AIM OF THE TASK:
Below are records; extract exactly the lines from the one with "梅赛德H6裂纹7色呼吸灯发光耳机网吧网咖电脑游戏头戴式背光耳机" through the final line, including both, but drop the pictures.

Stored data entries:
◆ ◆ ◆

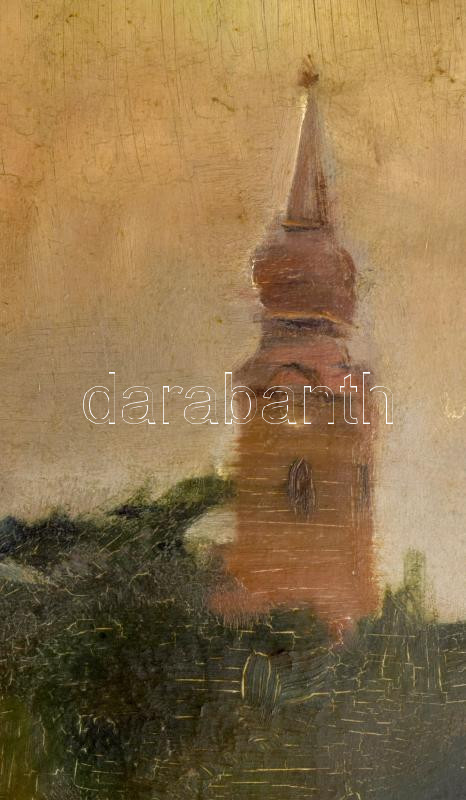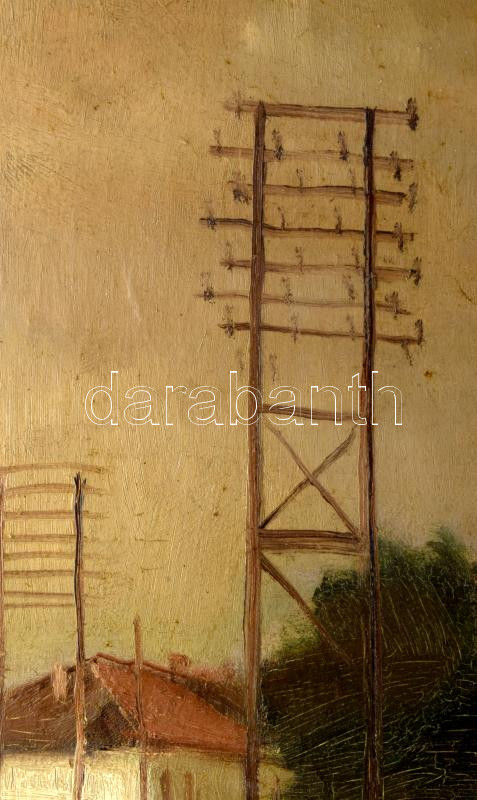 Leírás: Szüle Péter (1886-1944): Szolnoki részlet, 1923. Olaj, vászon, jelzett. Javított. Dekoratív fakeretben, 60×80 cm.
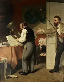 His best known, and most controversial, painting was the satirical Jung-Deutschland in der Schule (Young Germany in School), depicting students in a geography class. Max Jordan, the Director of the National Gallery, thought highly of it and bought it for the museum in 1874. That same year, a critic for the magazine, Dioskuren, which was a major promoter of the "Young Germany" ideology, saw the scene as a political issue and described the classroom as a "nursery school for budding convicts as future citizens", not a satire on their movement.[4]
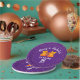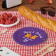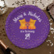 The background is purple with orange confetti-like dots.
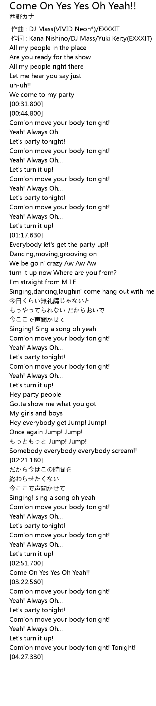 | [02:59.500] | Come On Yes Yes Oh Yeah!! |
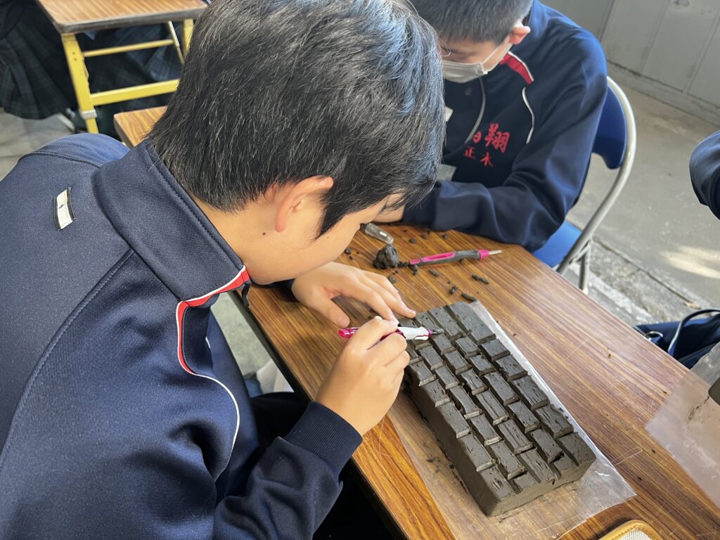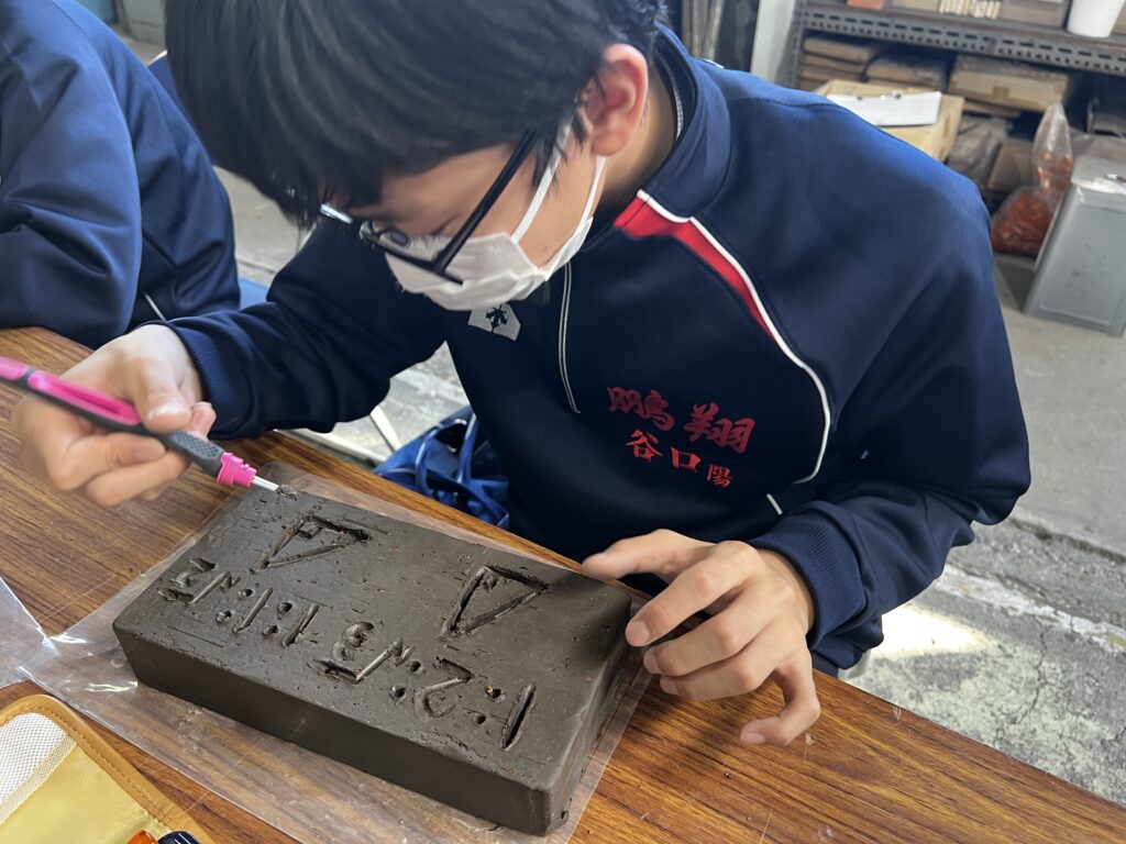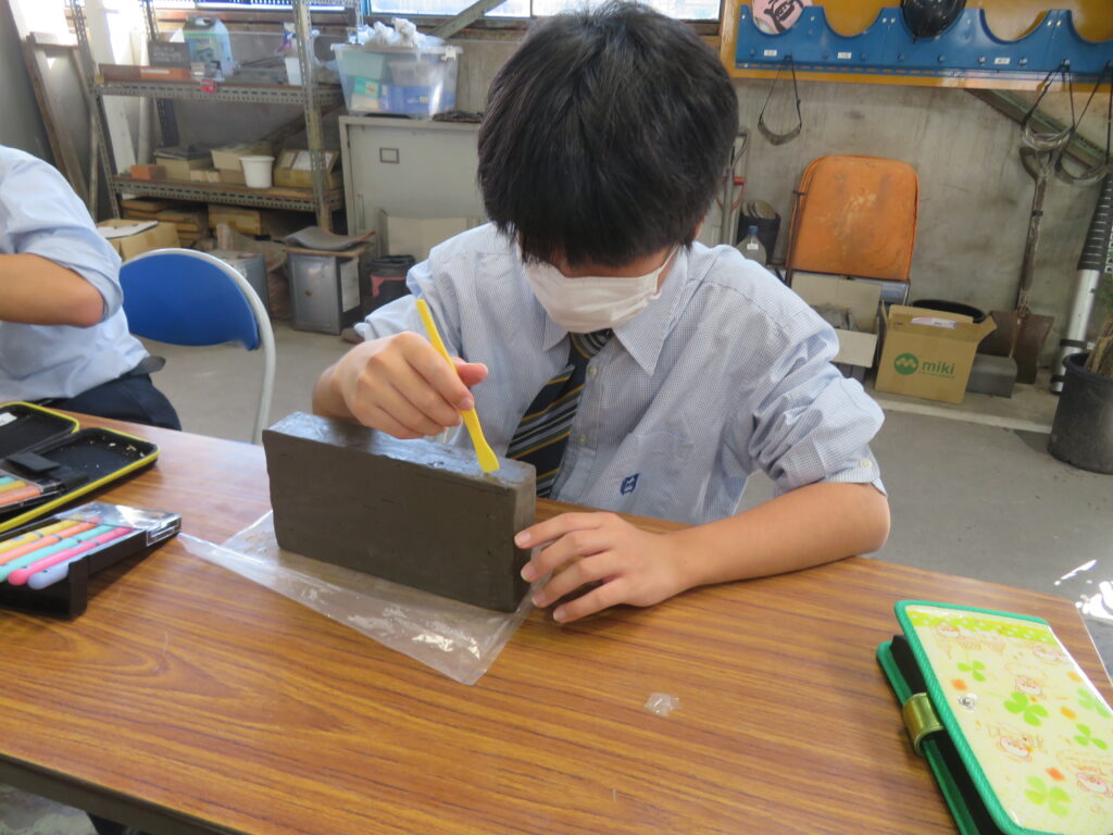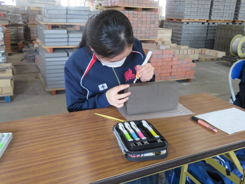 また、彫レンガ体験では、熱心に彫刻を行っていました。何を彫るのか、事前に下書きを行い、時間いっぱい活動に取り組む様子が見られました。それぞれの想いが詰まった、世界に1つのレンガ🧱。完成したものを見るのが楽しみです!
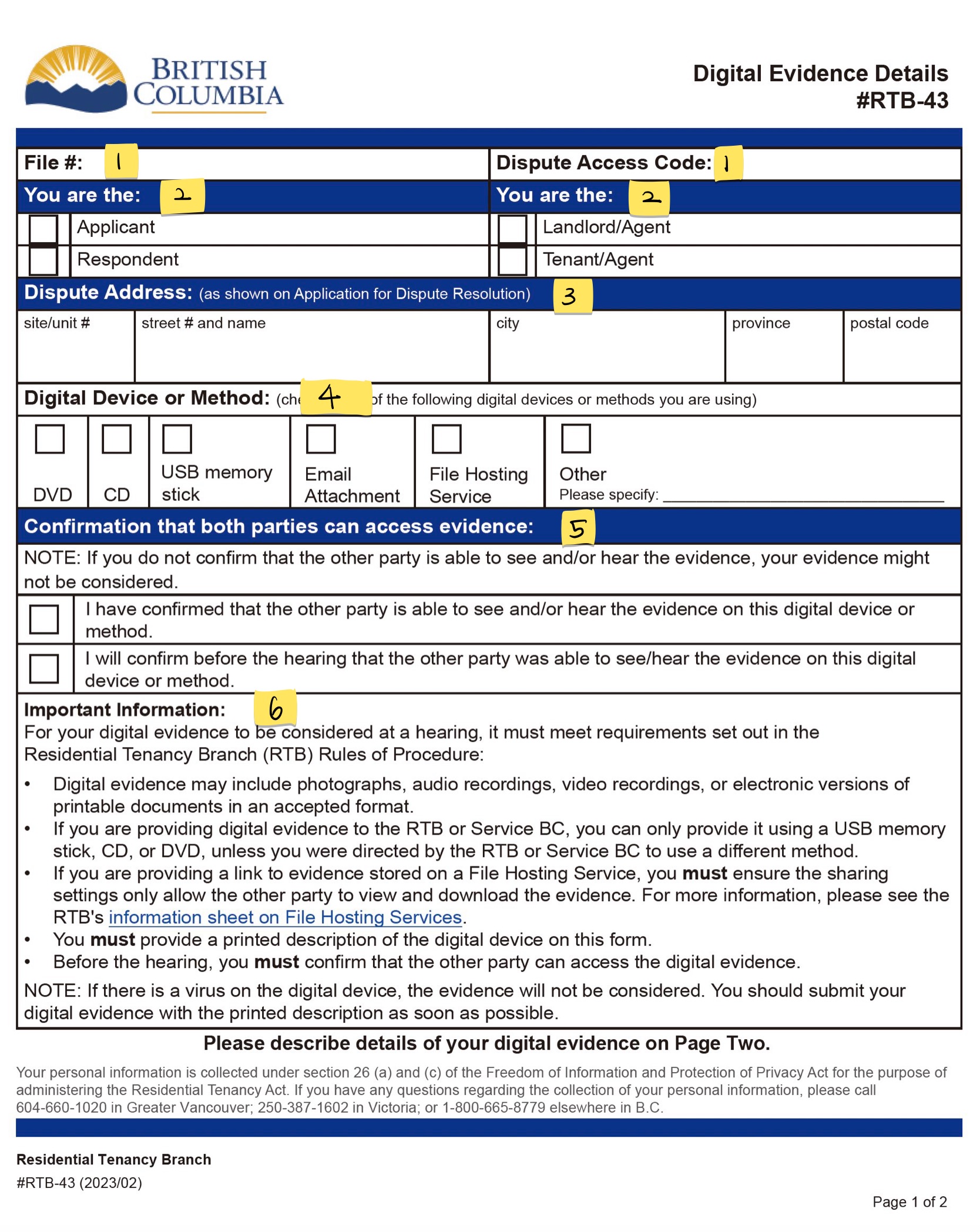 캐나다 브리티시 컬럼비아 주에서 주택 임대 관련 분쟁을 해결하기 위해 Residential Tenancy Branch (RTB)는 다양한 서식을 제공합니다. 그 중 RTB43은 디지털 증거를 제출하는 데 사용되는 중요한 문서입니다. 이 글에서는 RTB43을 작성하고 제출하는 방법에 대해 알아보겠습니다.
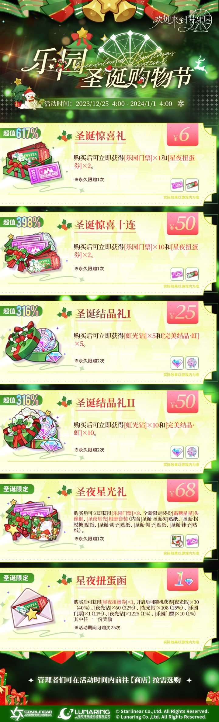 ✨「乐园圣诞购物节」预告-活动时间:12月25日04:00-2024年1月1日4:00-活动说明:活动期间,以下礼包内容在商店内上架并限时售卖。◆「乐园圣诞购物节」商店礼包·限时上新:- 「圣诞惊喜礼」售价:¥6,含[乐园门票]×1,[星夜扭蛋券]×2,永久限购1次。- 「圣诞惊喜十连」售价:¥50,含[乐园门票]×10,[星夜扭蛋券]×2,永久限购1次。- 「圣诞结晶礼I」售价:¥2
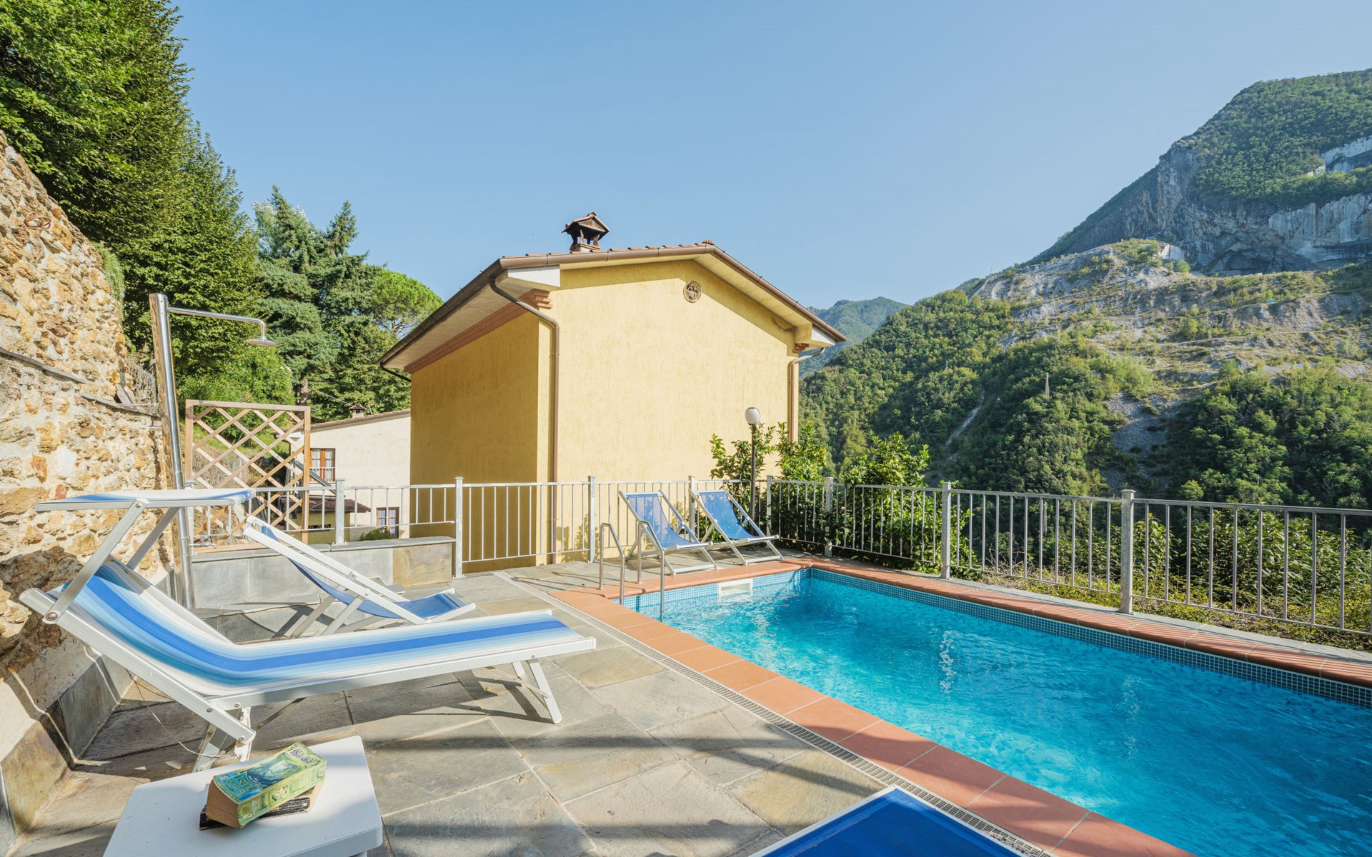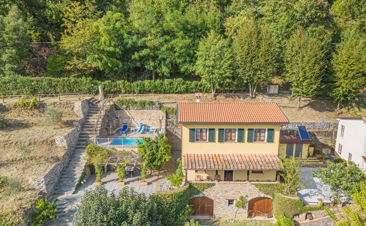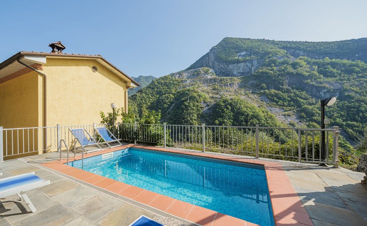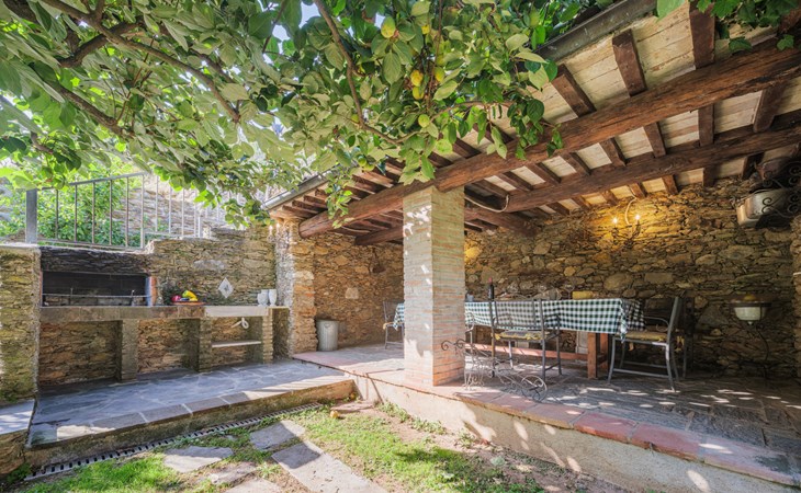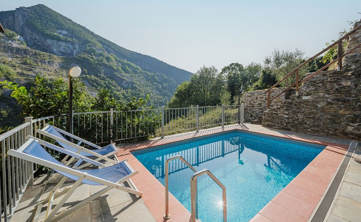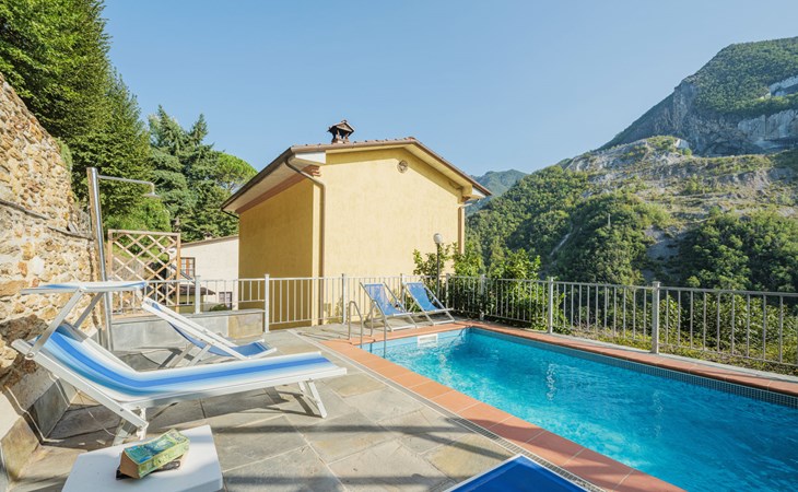 Seravezza: Gemütliches, rustikales, freistehendes Einfamilienhaus "L'Aia", auf 2 Stockwerken. 2 Häuser in der Residenz. 1 km vom Zentrum von Seravezza, ruhige, sonnige Lage am Hang, 50 m vom Waldrand, 9 km vom Meer, 9 km vom Strand, in einer Sackgasse, im Grünen. Zur Alleinbenutzung: Garten 50 m2 mit Rasen und Pflanzen, Schwimmbad (4 x 3 m, 140 cm tief, saisonale Verfügbarkeit: 19.Mai. - 30.Sep.). Aussendusche, Pergola, Terrasse, Gartenmöbel, Grill. In der Anlage: Sauna (extra). Sprudelbad, Waschmaschine (zur Mitbenutzung). Wäschewechsel (zusätzlich extra). Handtuchwechsel (zusätzlich extra). Steile, schmale Zufahrt bis zum Haus. Parkplatz beim Haus auf dem Grundstück. Lebensmittelgeschäft 1 km, Supermarkt 1 km, Restaurant 1 km, Bushaltestelle 800 m, Sandstrand "Forte dei Marmi" 11 km. Golfplatz (18 Loch) 12 km, Wanderwege ab Haus 30 m. Nahe gelegene Sehenswürdigkeiten: Pietrasanta 5 km, Forte dei Marmi 10 km, Lucca 32 km, Pisa 40 km. Bitte beachten: Fahrzeug empfohlen. Ferienwohnung Ref. IT5167.151.1 befindet sich auf dem gleichen Grundstück.
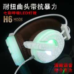 梅赛德H6裂纹7色呼吸灯发光耳机网吧网咖电脑游戏头戴式背光耳机
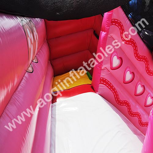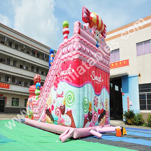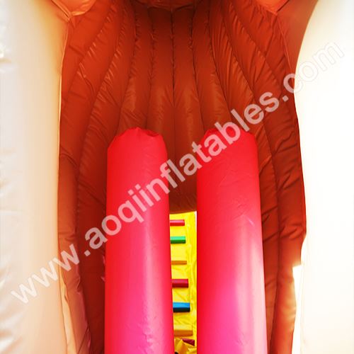 Look at inflatable walls and rails that surround sweet candies with full digital printing. It makes the slide different and refreshing, but that also costs us a lot. If you focus on more details of slide, you will find we make PVC strip for protection at the entrance of slide. At the bottom of candy jars and columns, we use internal PVC strip for bearing area. On access areas, we make webbing on both outside and inside to reinforce, so that those points can hold together better and last for years.

◆ ◆ ◆

TASK RESULT:
 梅赛德H6裂纹7色呼吸灯发光耳机网吧网咖电脑游戏头戴式背光耳机
 Look at inflatable walls and rails that surround sweet candies with full digital printing. It makes the slide different and refreshing, but that also costs us a lot. If you focus on more details of slide, you will find we make PVC strip for protection at the entrance of slide. At the bottom of candy jars and columns, we use internal PVC strip for bearing area. On access areas, we make webbing on both outside and inside to reinforce, so that those points can hold together better and last for years.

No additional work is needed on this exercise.